We recently had a post questioning whether the RIAA's legal campaign was a success or not
. It seemed like there was plenty of evidence that it has been an incredible failure. Separately, we had a post about Radiohead's Thom Yorke, suggesting that the major record labels were going out of business
in a matter of months. While we felt that was a bit of an exaggeration, one of our commenters, Ccomp5950
compiled data on RIAA label sales, along with some helpful notes about what other factors were going on at the time:
Year: $ in Millions
1993: 10046.6 (CD players started to get more affordable towards mid-year)
1999: 14651 (Work made for hire controversy)
2000: 14404 (Napster sued into bankruptcy)
2001: 13700 (Ipod came out October 2001)
2002: 12,614.2 (Price Fixing lawsuit hits RIAA)
2003: 11,854.4 (Grokster lawsuit, "induced infringement" introduced) (Mass lawsuits by RIAA start(AKA: The education campaign))
2004: 12,345.0 [Revenue Physical / Digital] (BMG gets out of the music business, sold to Sony later on: Big 5 becomes Big 4 for RIAA)
2005: 12,296.9 [91%/9%]
2006: 11,758.2 [83.9%/16.1%]
2007: 10,370.0 [77%/23%]
2008: 8,768.4 [66%/34%] (RIAA declares it's going to stop mass lawsuits with member money problems and EMI almost bankrupt)
2009: 7,690.0 [59%/41%] (Massive layoffs hit RIAA around Febuary: Blames piracy)
http://www.azoz.com/music/features/0008.html (statistics from 90's to 2001)
http://188.8.131.52/81128FFD-028F-282E-1CE5-FDBF16A46388.pdf (Statistics for 97 to 2007)
It's a great list, but I felt it could be even more powerful as a graph, so I just threw the following together, based on the info above:
And, that, right there, does a nice job painting a picture on the decline and fall of the RIAA and the major record labels. A few points are worth highlighting:
- If you're not familiar with the "works for hire" scandal, you can read the full background here. Basically, a Congressional staffer by the name of Mitch Glazier snuck a tiny unnoticed amendment into a much larger bill in the middle of the night -- supposedly at the request of the RIAA -- without telling anyone. It effectively changed the definition of music recordings into "works made for hire," which was really important, because it meant the RIAA labels could hang onto musicians' copyrights for much longer, avoiding termination rights that let musicians reclaim their copyrights. Just a few months later, Glazier left his low-paying Congressional staffer job for a $500,000 job with the RIAA, which I believe he still holds ten years later. Thankfully, people quickly recognized what he had done and Congress had to go back and fix Glazier's sneaky wording. However, it is worth noting that the peak of this chart is right when Glazier inserted his infamous four words.

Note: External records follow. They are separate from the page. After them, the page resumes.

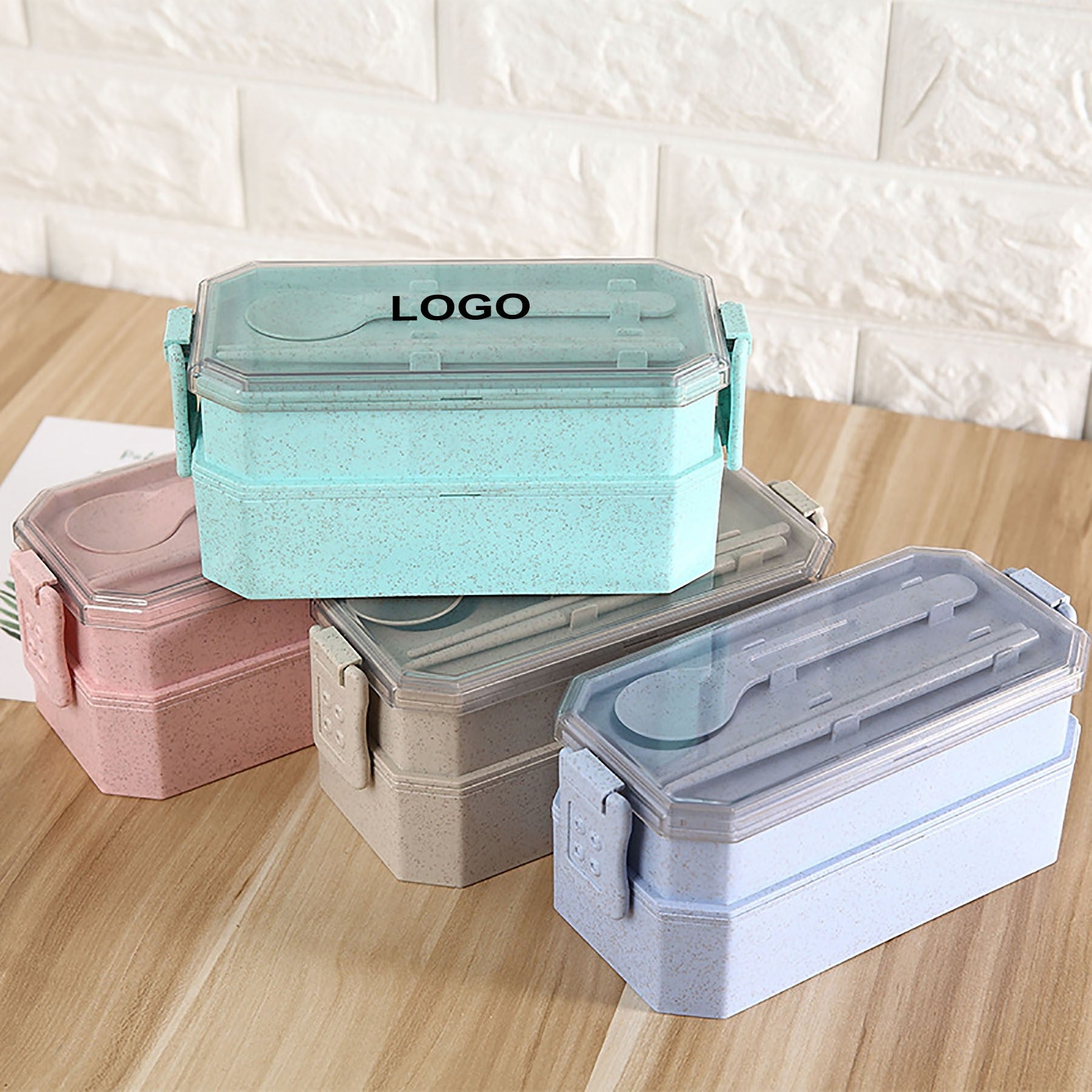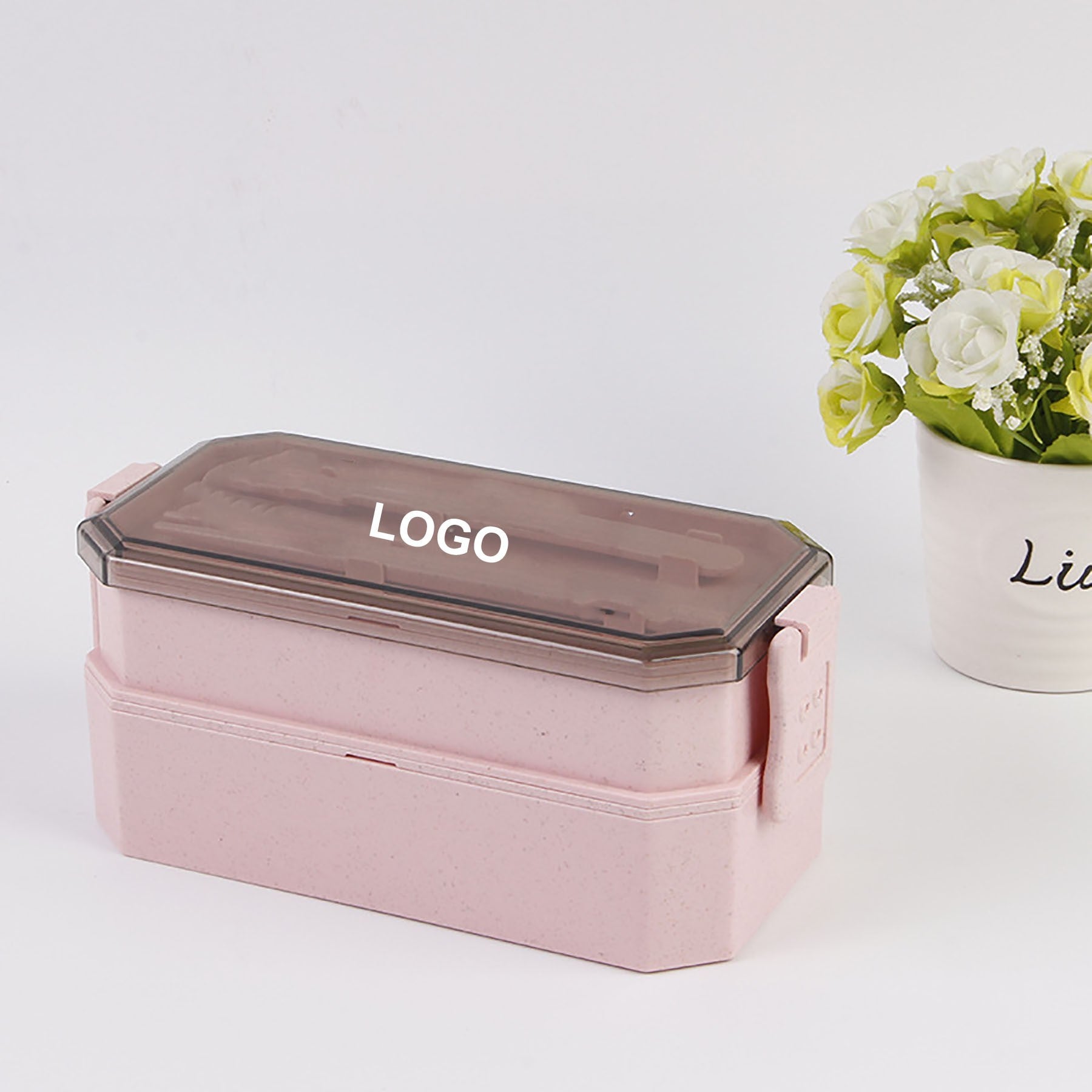 Indulge in eco-friendly dining with our innovative lunch box crafted from durable wheat fiber and topped with a sleek PP cover. Complete with a convenient spoon and chopsticks, this microwave-safe gem features double compartments for easy organization. For added peace of mind, it boasts a double-sided lock for secure closure. Plus, personalize your lunch box with a custom logo on both the side and lid for a touch of uniqueness. 7 7/8″ L x 3 1/2″ W x 3 1/8″ H
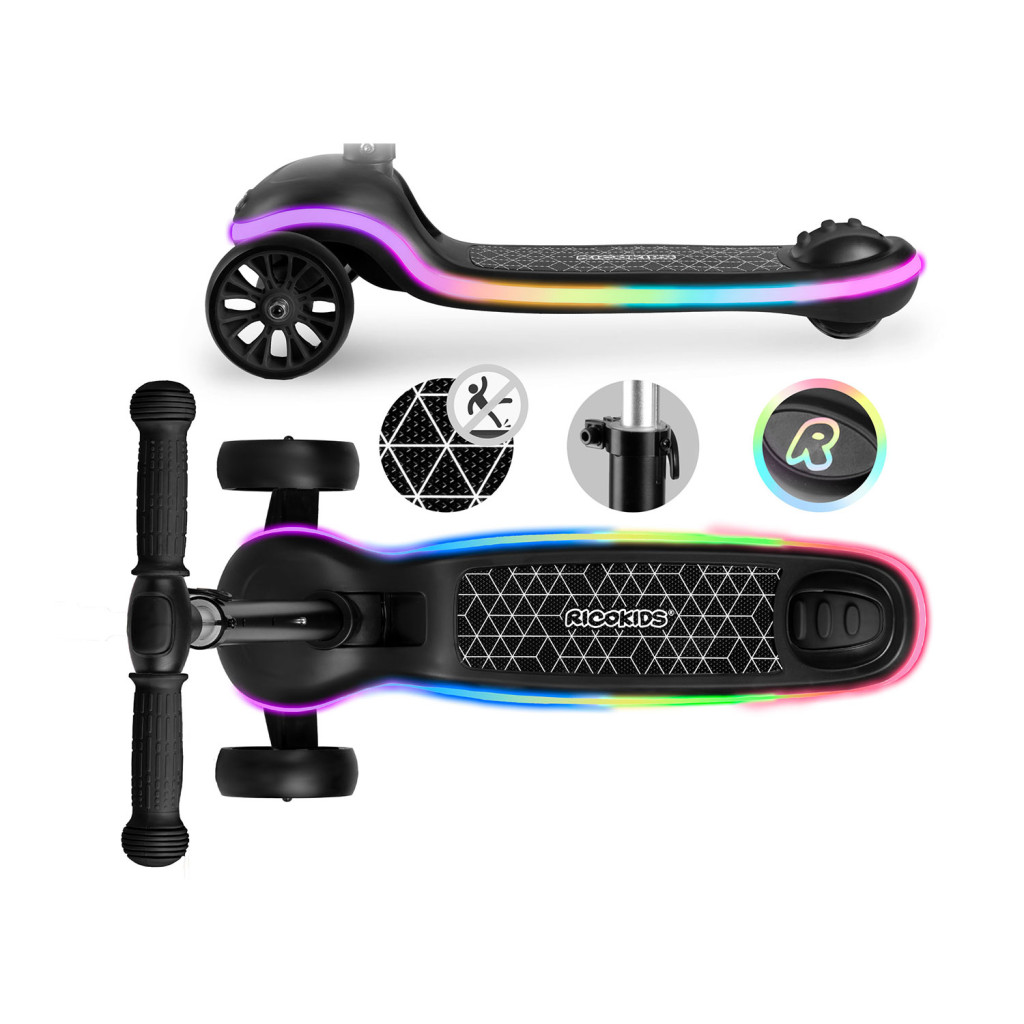 A Ricokids Leddi háromkerekű LED roller úgy készült, hogy már az első gurulásnál magával ragadja a gyerekeket. A stabil, döntéssel kormányozható szerkezet megkönnyíti az egyensúlyozást, így a legkisebbek is gyorsan ráéreznek a mozgás örömére. A fellépő oldalán végigfutó, színpompás LED fénycsík látványossá varázsolja az esti sétákat, miközben a csúszásmentes borítás biztonságot nyújt. A mindössze 4,3 kg-os váz könnyen emelhető, az összecsukható kialakítás pedig megkönnyíti a szállítást.
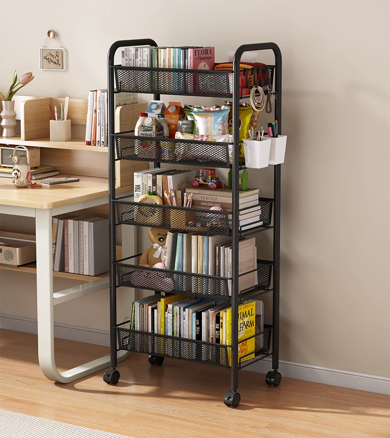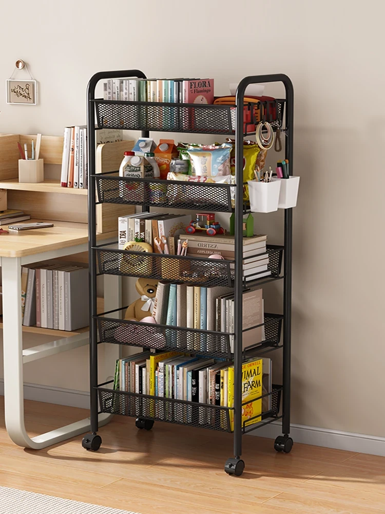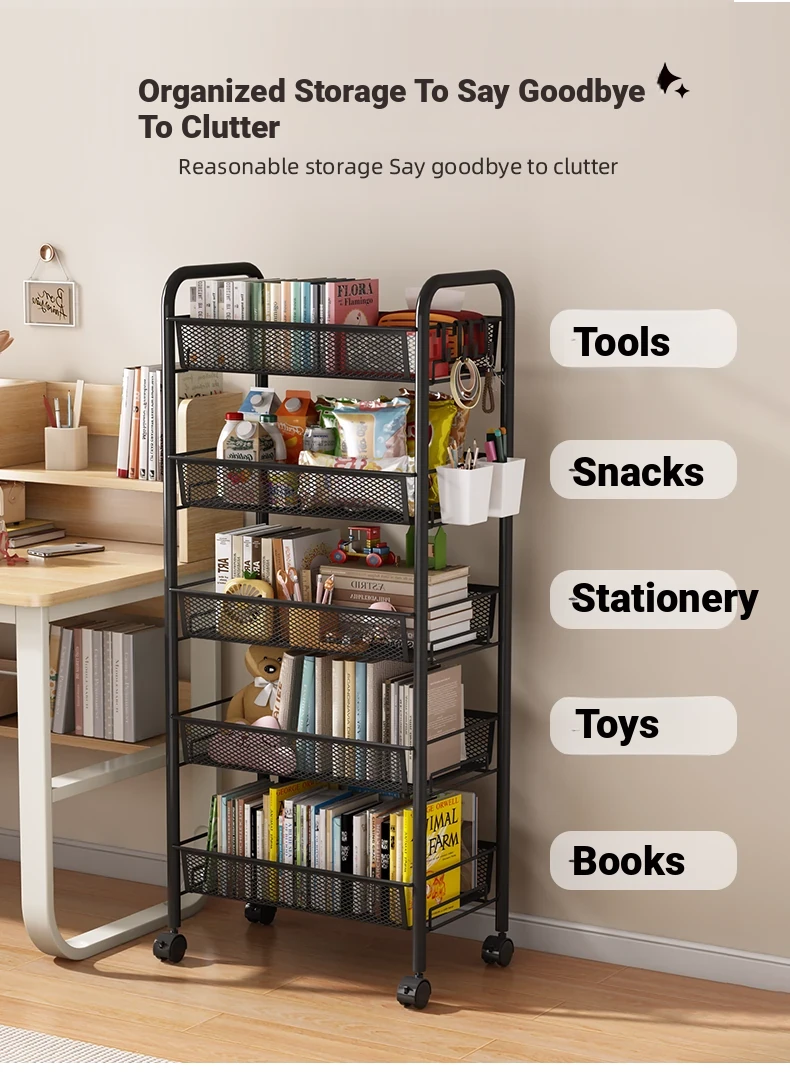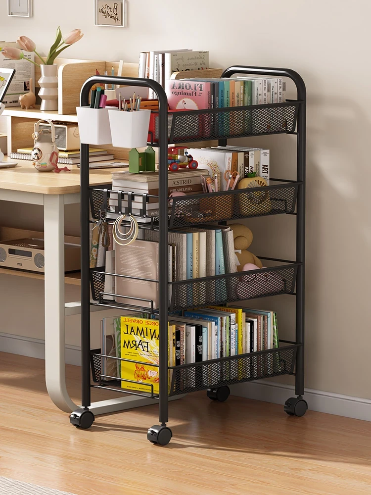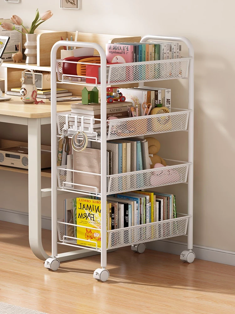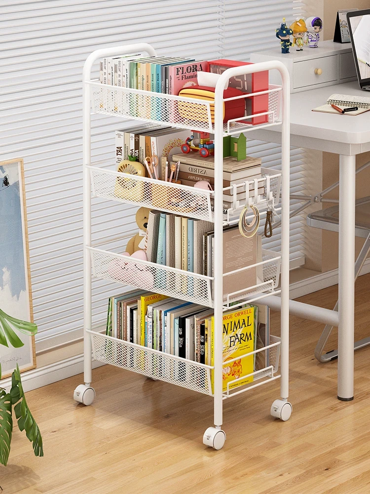 Stylish Rolling Bookshelf and Snack Cart - Movable Storage Rack with Wheels for Living Room, Perfect for Students' Books and Easy Organization!
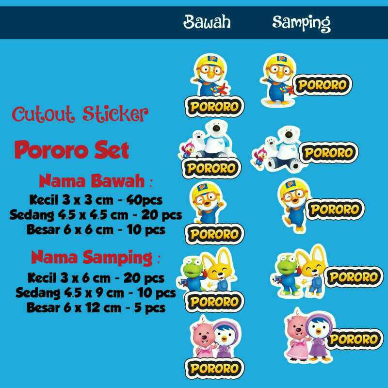 Stiker Label Nama Waterproof Cutout Pororo (Set)
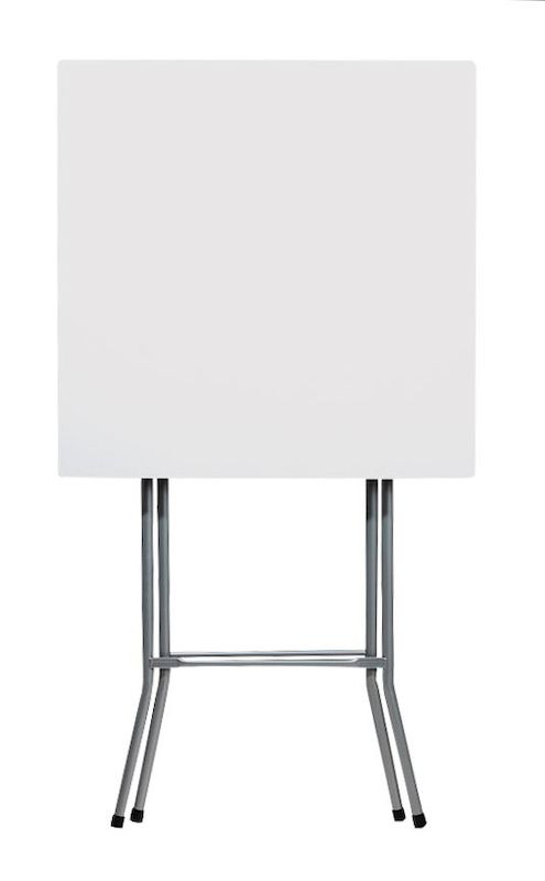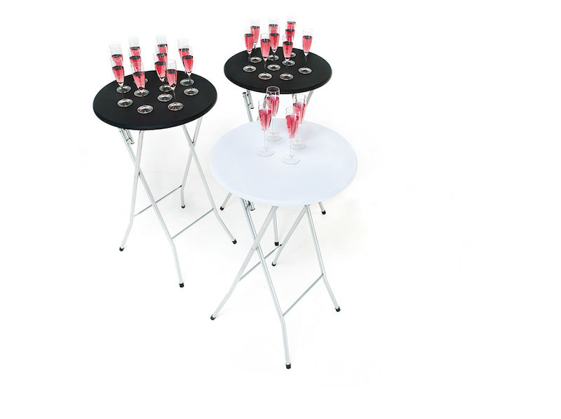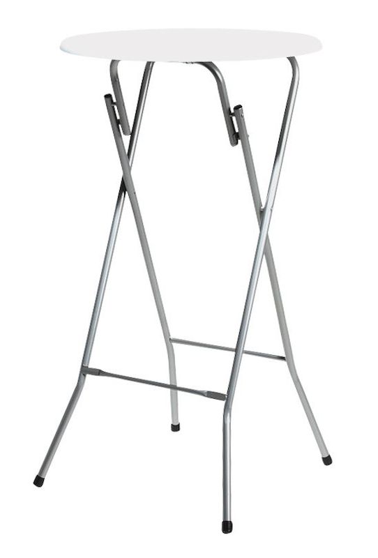 Sammenklappeligt, stabilt ståbord. Let at klappe ud og klappe sammen. Lakeret stålrørsunderstel.
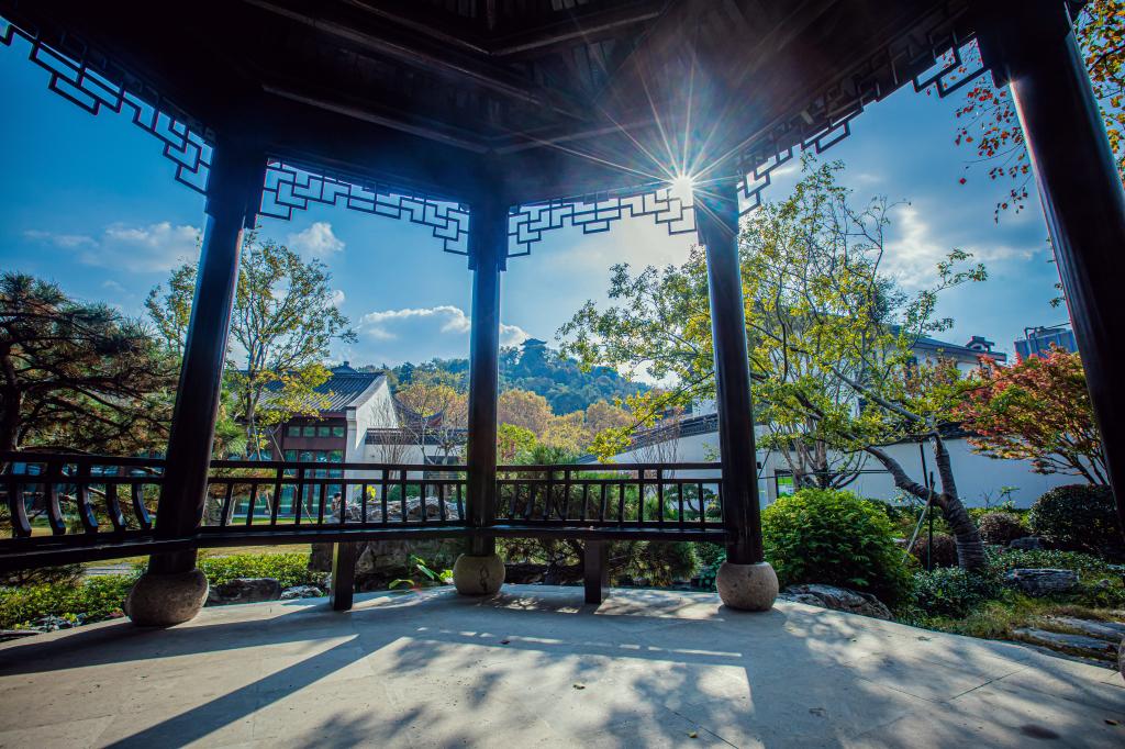 绍兴饭店是一家中式园林度假酒店,青砖白墙、古韵回廊、亭台楼阁、小桥流水、花木扶疏,入眼皆景。
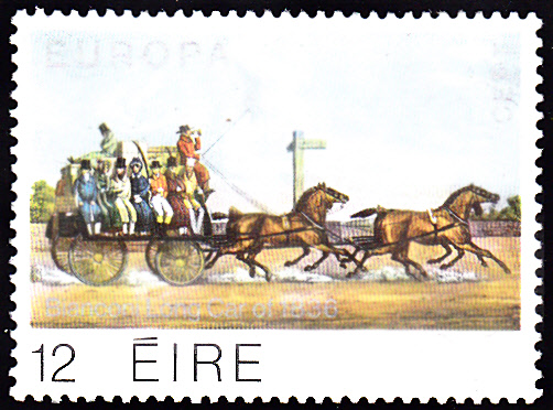 In Irland erschienen die Europamarken 1979 zum Gemeinschaftsthema "Geschichte des Post- und Fernmeldewesens" am 6. Dezember 1979. Hier die Marke zu 12 Pence mit der Abbildung einer Bianconi-Reisekutsche aus dem Jahre 1836. Die Auflage betrug 3 000 000 Stück.

- As we discussed last fall, now that musicians do have termination rights, they're lining up to use them and take their copyrights back from the labels. They can start getting the copyrights back in 2013. If you're looking for a date when the bottom totally falls out for the RIAA labels, that may be it. When the rights to their back catalog starts to drop out, this chart looks even worse. The RIAA won't give up easily, of course. The latest stunt they're trying to pull is to "re-record" albums, claiming that it creates a brand new copyright, that gives them another 35 years before termination rights are applicable. That is, of course, ridiculous, but the RIAA will likely try to fight it out in court for many years to extend that 2013 deadline by a few more years. Of course, all that money on legal fees could have gone to innovating, but that's just not the RIAA way.
- Note that digital music sales is not even close to being a savior. The total is still dropping rapidly.
- Of course, many have argued that the rise and fall may have a lot more to do with CD replacements of previous formats -- and this chart certainly suggests that could be an explanation. The big jump happened right when CDs became affordable, and people needed to go out and replace their vinyl and cassette (and 8-track!) collections. After a few years of that, it makes sense that the market should drop anyway.
- Once again, it's important to point out that the chart above is not the entire music industry, but a limited segment of it: the RIAA record labels, mainly comprised of the big four record labels. It doesn't take into account all of the other aspects of the music business -- nearly every single one of which has been growing during this same period. It also doesn't take into account the vast success stories of independent artists and labels doing creative business models and routing around the legacy gatekeepers.